On Jul. 24, 2025, researchers at the Broad Institute and the National Emerging Infectious Diseases Laboratories (NEIDL) at Boston University have used an image-based screening method developed at the Broad to identify human genes that, when silenced, impair the Ebola virus’s ability to infect. The method, known as optical pooled screening (OPS), enabled the scientists to test, in about 40 million CRISPR-perturbed human cells, how silencing each gene in the human genome affects virus replication.

Although outbreaks of Ebola virus are rare, the disease is severe and often fatal, with few treatment options. Rather than targeting the virus itself, one promising therapeutic approach would be to interrupt proteins in the human host cell that the virus relies upon. However, finding those regulators of viral infection using existing methods has been difficult and is especially challenging for the most dangerous viruses like Ebola that require stringent high-containment biosafety protocols.

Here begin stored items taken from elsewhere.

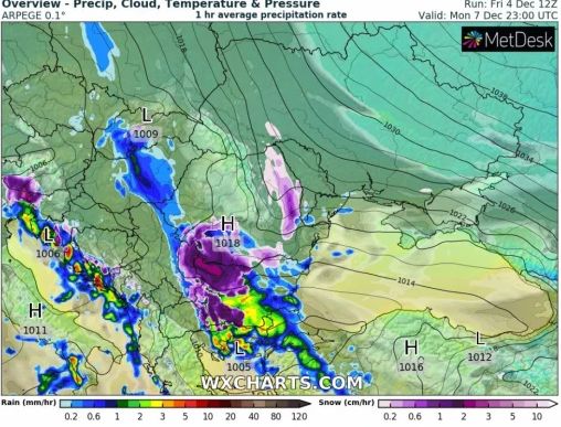 Валежи от дъжд очакваме над крайните южни райони от страната, където са възможни и гръмотевици. Много дъжд ще се изсипе над Родопите и Северна Гърция, а по-късно през деня на 8-ми декември и над Североизточна и Източна България.
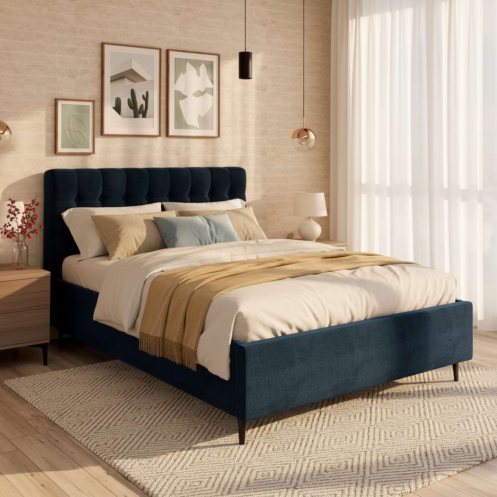 Pat tapitat GEORGIA Pro, 140x200, H116, somiera, Stofa Albastru V73
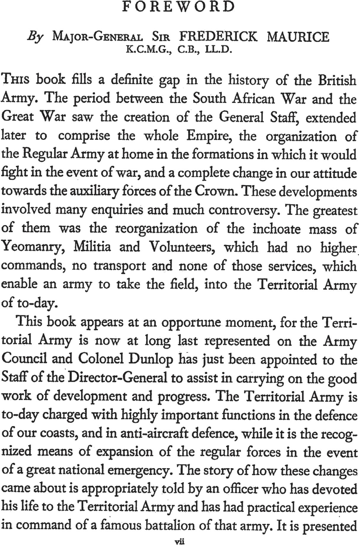 This book appears at an opportune moment, for the Territorial Army is now at long last represented on the Army Council and Colonel Dunlop has just been appointed to the Staff of the·Director-General to assist in carrying on the good work of development and progress. The Territorial Army is to-day charged with highly important functions in the defence of our coasts, and in anti-aircraft defence, while it is the recognized means of expansion of the regular forces in the event of a great national emergency. The story of how these changes came about is appropriately told by an officer who has devoted his life to the Territorial Army and has had practical experience in command of a famous battalion of that army. It is presented vii
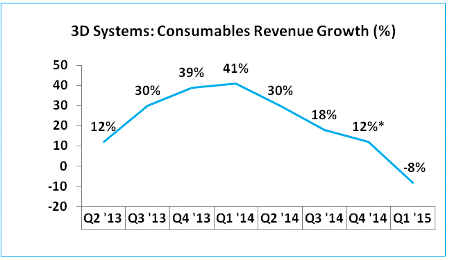 3D Systems' year-over-year quarterly consumables revenue growth has fallen off drastically since it peaked in Q1 2014. It's important to note, however, that more recent quarters have been adversely affected by the strengthening U.S. dollar.
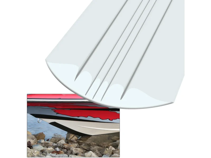Every aspect of the patented Megaware KeelGuard® has been designed with boat designers and 3M® engineers. Many factors contribute to its success. A precise, abrasive-resistant blend of polymers and urethanes achieve optimal durability and pliability. A pressure-sensitive adhesive creates strength, while permanently bonding and sealing Megaware KeelGuard®’s contoured edges to the hull surface. Angled grooves produce hydrodynamic channels, creating air pockets and providing a slicker surface. The perfect combination of these factors makes the Megaware KeelGuard® the easiest keel protector to install, and gives it unparalleled quality and dependability.
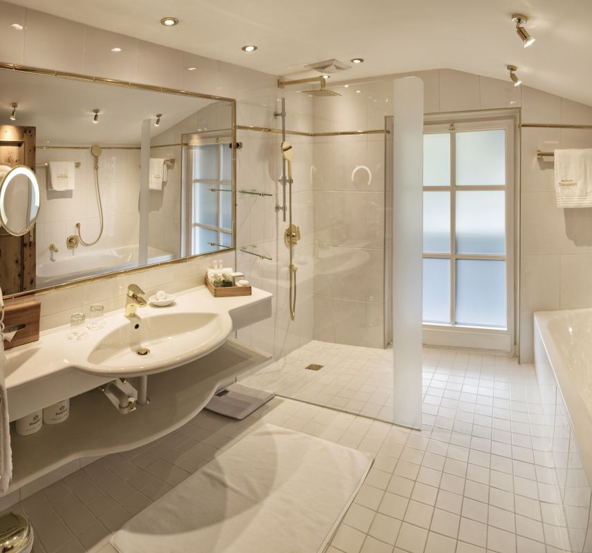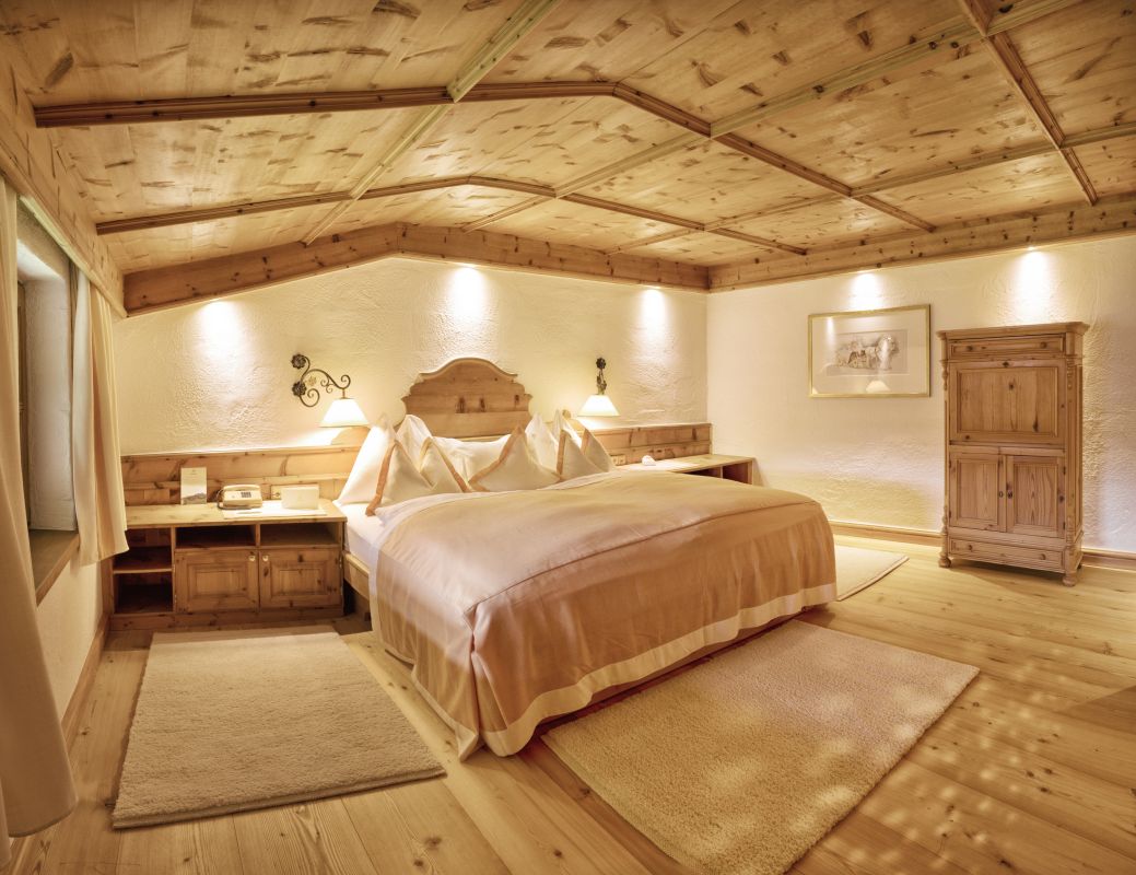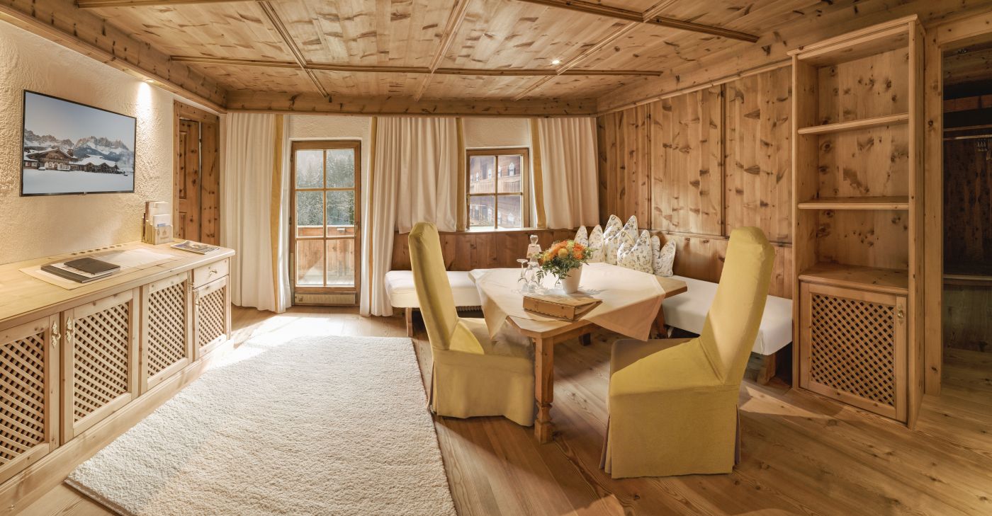 Großzügige Familien-Einheit mit hochwertigen Zirbenholz-Möbeln, großes Eltern-Schlafzimmer, gemütliches Wohnzimmer, separates Kinderzimmer mit Stockbett, Badezimmer mit Badewanne und Dusche / WC, begehbarer Kleiderschrank, Telefon, WLAN, Minibar, Safe, Flatscreen-TV, Nespresso-Maschine mit nachhaltigen Kapseln, straßenseitig, Balkon mit Blick auf den Traditions-Gasthof
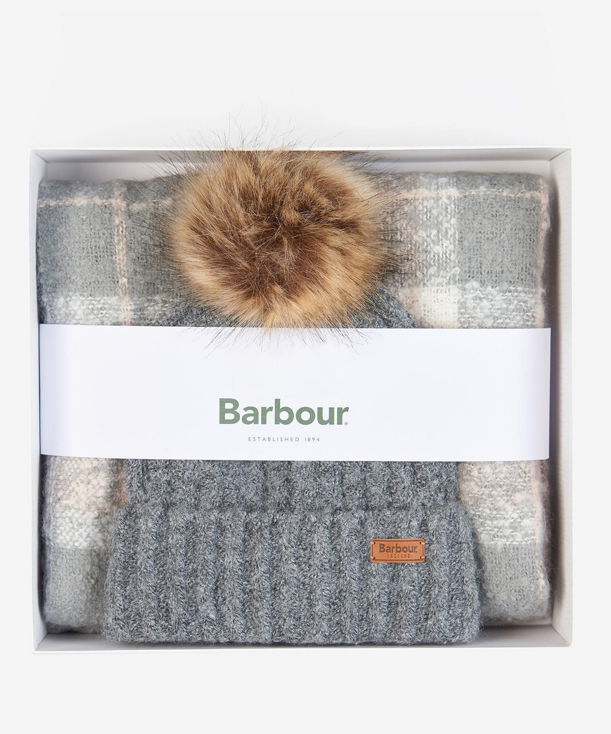 Barbour Saltburn Beanie & Tartan Scarf Gift Set - Grey Rose
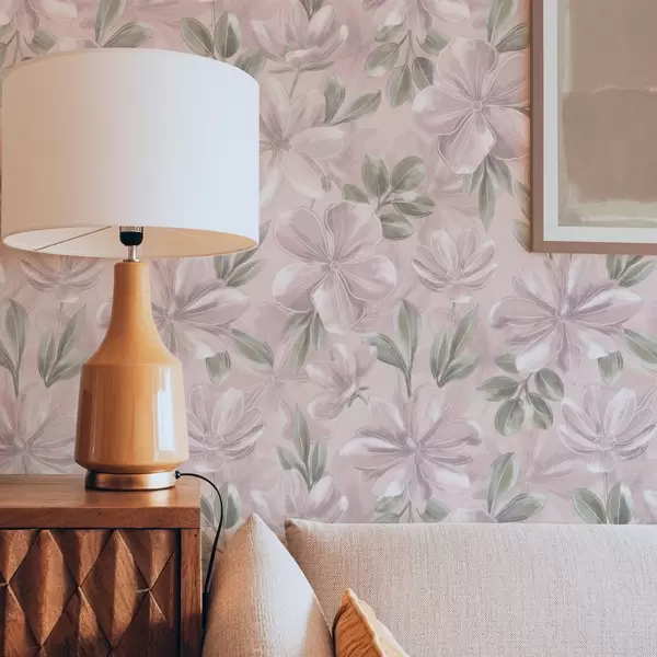 Wallpaper Pink flowers with delicate leaves on a soft background a00675
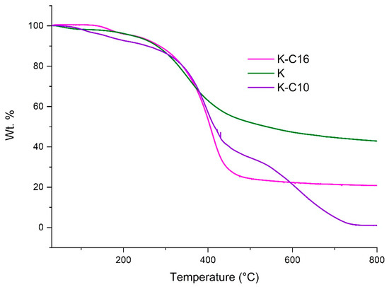 On the other hand, the degradation of native Kraft lignin was also relatively facile like organosolv lignin and started even <80 °C. However, a 2% weight loss in native Kraft lignin was observed around 133 °C. Interestingly, etherified Kraft lignin also displayed good thermal stability (Figure 6), with the K-C16 sample exhibiting 0.5% decomposition at 148 °C, whereas K-C10 showed very poor thermal stability T0.5% at 75 °C. Furthermore, T1% of K-C16 and K-C10 were found to be 156 °C and 88 °C. Although 2% degradation of K-C16 was comparatively high 168 °C but K-C10 showed lower thermal stability 104 °C than its native Kraft lignin 133 °C. Finally, non-functionalized lignins (especially the Kraft one) produced a higher amount of char at 800 °C compared to etherified lignins. This is probably due to formation of highly fused polycyclic aromatic hydrocarbon compounds via coupling of free phenolic hydroxyl groups.
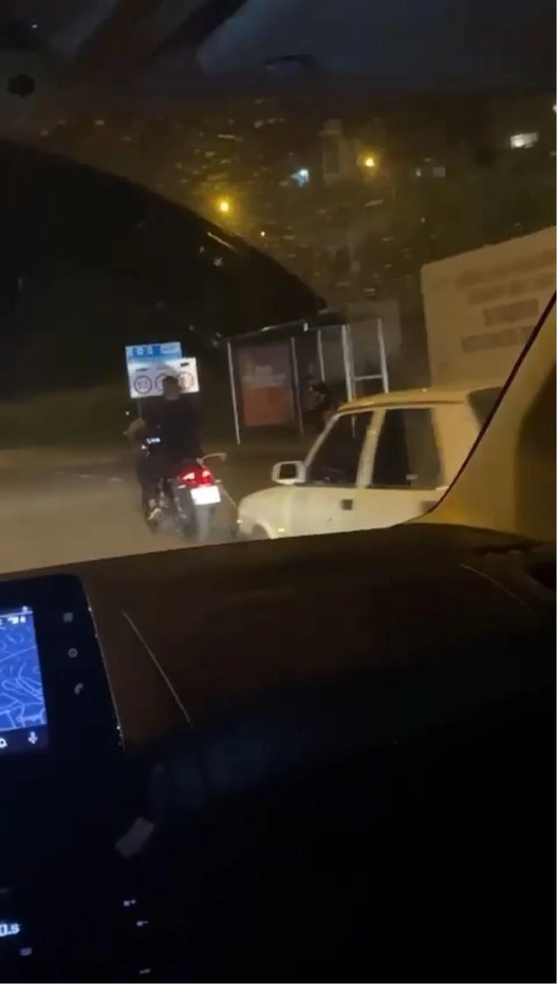 Bursa’da arıza yapan Tofaş marka otomobili motosiklet iple çekti. O anlar trafikteki başka bir sürücünün cep telefon kamerasına yansıdı.

Using machine-learning-based analyses of images of perturbed cells, they identified multiple host proteins involved in various stages of Ebola infection that when suppressed crippled the ability of the virus to replicate. Those viral regulators could represent avenues to one day intervene therapeutically and reduce the severity of disease in people already infected with the virus. The approach could be used to explore the role of various proteins during infection with other pathogens, as a way to find new drugs for hard-to-treat infections.

The team used CRISPR to knock out each gene in the human genome, one at a time, in nearly 40 million human cells, and then infected each cell with Ebola virus. They next fixed those cells in place in laboratory dishes and inactivated them, so that the remaining processing could occur outside of the high-containment lab.

After taking images of the cells, they measured overall viral protein and RNA in each cell using the CellProfiler image analysis software, and to get even more information from the images, they turned to AI. With help from team members in the Eric and Wendy Schmidt Center at the Broad, led by study co-author and Broad core faculty member Caroline Uhler, they used a deep learning model to automatically determine the stage of Ebola infection for each single cell. The model was able to make subtle distinctions between stages of infection in a high-throughput way that wasn’t possible using prior methods.

By sequencing parts of the CRISPR guide RNA in all 40 million cells individually, the researchers determined which human gene had been silenced in each cell, indicating which host proteins (and potential viral regulators) were targeted. The analysis revealed hundreds of host proteins that, when silenced, altered overall infection level, including many required for viral entry into the cell.

Knocking out other genes enhanced the amount of virus within inclusion bodies, structures that form in the human cell to act as viral factories, and prevented the infection from progressing further. Some of these human genes, such as UQCRB, pointed to a previously unrecognized role for mitochondria in the Ebola virus infection process that could possibly be exploited therapeutically. Indeed, treating cells with a small molecule inhibitor of UQCRB reduced Ebola infection with no impact on the cell’s own health.

Other genes, when silenced, altered the balance between viral RNA and protein. For example, perturbing a gene called STRAP resulted in increased viral RNA relative to protein. The researchers are currently doing further studies in the lab to better understand the role of STRAP and other proteins in Ebola infection and whether they could be targeted therapeutically.

The study appears in Nature Microbiology. The study’s approach could also be used to examine other pathogens and emerging infectious diseases and look for new ways to treat them.